Nesse sentido, o Plano não atinge o cumprimento de metas e objetivos nele registrados e, por conseguinte, não se torna referencial para ações da gestão da educação. Entretanto, a implementação do Plano, que é uma orientação do Plano Nacional de Educação (PNE), não

foi conduzida para provimento dos ajustes necessários à realidade. O trecho da entrevista abaixo aponta o entendimento da Conselheira sobre o assunto:

Houveram acréscimos de várias modificações, o nosso Plano tem que acompanhar as modificações do governo federal, nós temos que seguir, e só em 2008 nós construímos um plano decenal, se ele não está contemplando as novas demandas como: não será mais obrigação do município fazer concurso para médico, para psicopedagogo, será parceria da Secretaria de Saúde com a Secretaria de Educação. Então aí é um ponto que já tem uma divergência do nosso Plano. Outro ponto é com a questão da acessibilidade, por que a gente tem que pensar acessibilidade não apenas na escola mas fora da escola. Então a gente tem um Plano que contempla essas situações mas precisam ser ampliadas. (Conselheira Municipal de Educação do Município de Goiana 2011-).

O trecho da entrevista se refere às divergências contidas no Plano em relação às demandas atuais. As divergências ocorrem, nesse entendimento, pelas orientações de políticas do governo federal e o entendimento local sobre certos temas como, por exemplo, a acessibilidade. Para além das divergências, o próprio cumprimento das metas e objetivos estabelecidos no atual Plano, não é incorporado pela gestão atual. O trecho abaixo evidencia essa afirmação:

O grande problema é transformar aquelas ações, que acho que isto não é exclusividade aqui de Goiana, é transformar aquelas ações, aquelas ideias que estão lá no Plano em realidade, em execução para que se torne realidade. (Presidente do Sindicato dos Professores do Município de Goiana 2013-).

O relato evidencia a desconexão entre o que é documentado em um plano de educação e a materialização do planejamento. Sobre as dificuldades de planejar e materializar o que é planejado a discussão no Plano Nacional relaciona a dificuldade “a complexidade do modelo federativo brasileiro, as lacunas de regulamentação das normas de cooperação e a visão patrimonialista que ainda existe em muitos setores da gestão pública” (BRASIL, 2014, p. 5). O entendimento é que deve haver um esforço contínuo para que as desigualdades estabelecidas historicamente sejam eliminadas. Dessa forma, a construção de um Plano perpassa o período de mandatos políticos e o desafio, nesse caso, é consolidá-lo como política de estado. Consideramos que o Plano que resulta da construção do planejamento municipal de educação para o decênio de 2008-2017 é instrumento político que não é incorporado como uma política de Estado e por isso, permeado por descontinuidades.

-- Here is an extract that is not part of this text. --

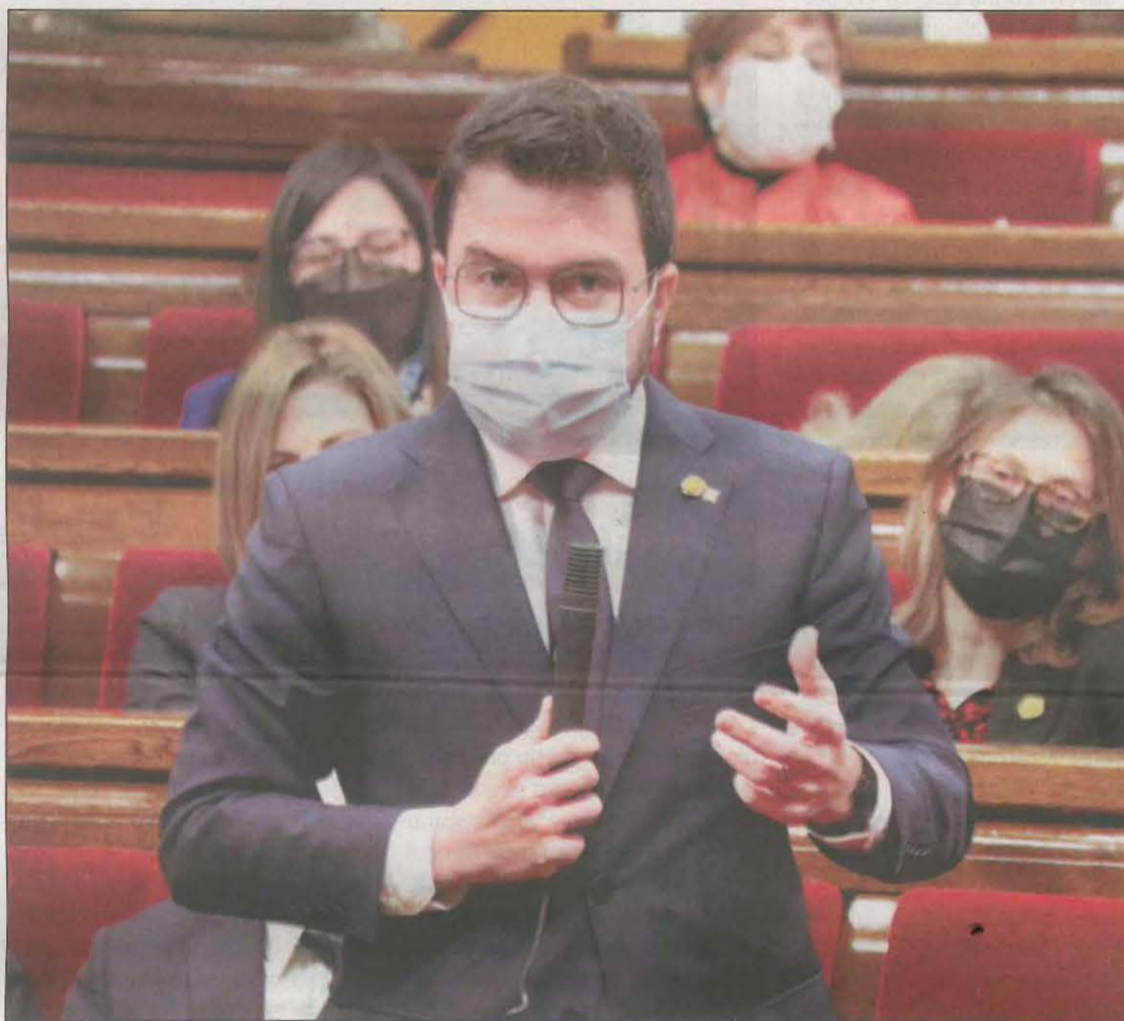
El president de la Generalitat, Pere Aragonès, ahir en la sessió de control al ple del Parlament

El cap de l'Executiu català va deixar clar el seu convenciment que Catalunya té "tots els actius per liderar una proposta forta" per als Jocs, si bé ha insistit a mostrar-se "obert a tot" i que "altres territoris hi puguin participar", però va recalcar que "sempre defensaré, com a president de Catalunya, que Catalunya reuneix totes les característiques perquè se celebrin la majoria de proves". A la seva rèplica, Illa va indicar que Catalunya "no pot deixar escapar" la possibilitat de celebrar els Jocs i, en aquest sentit, ha ofert "tot el suport" del grup socialista per "treballar junts i fer possible" la celebració de els Jocs. "No perdem de vista que fer-ho amb Aragó suma i ajuda. Celebro que vostè ho vegi de la mateixa manera", va apuntar el líder del PSC-Units, que va istar el Govern a "mirar cap endavant, deixar de fixar la vista a el retrovisor i de veure problemes on no n'hi ha". Les crítiques a la candidatura catalana han arri-

Nas entrevistas é enfatizado impasses entre o que está registrado no Plano Municipal de Educação e a prática política da gestão da educação. Este quadro é indicativo, de acordo com os relatos, que falta atualização do documento e, portanto, tornou-se desconexo para as ações da política de educação. O contexto de mudanças também favorece a necessidade de atualização e formalização de ações da política local direcionadas a demandas estabelecidas e do contexto mais recente do município.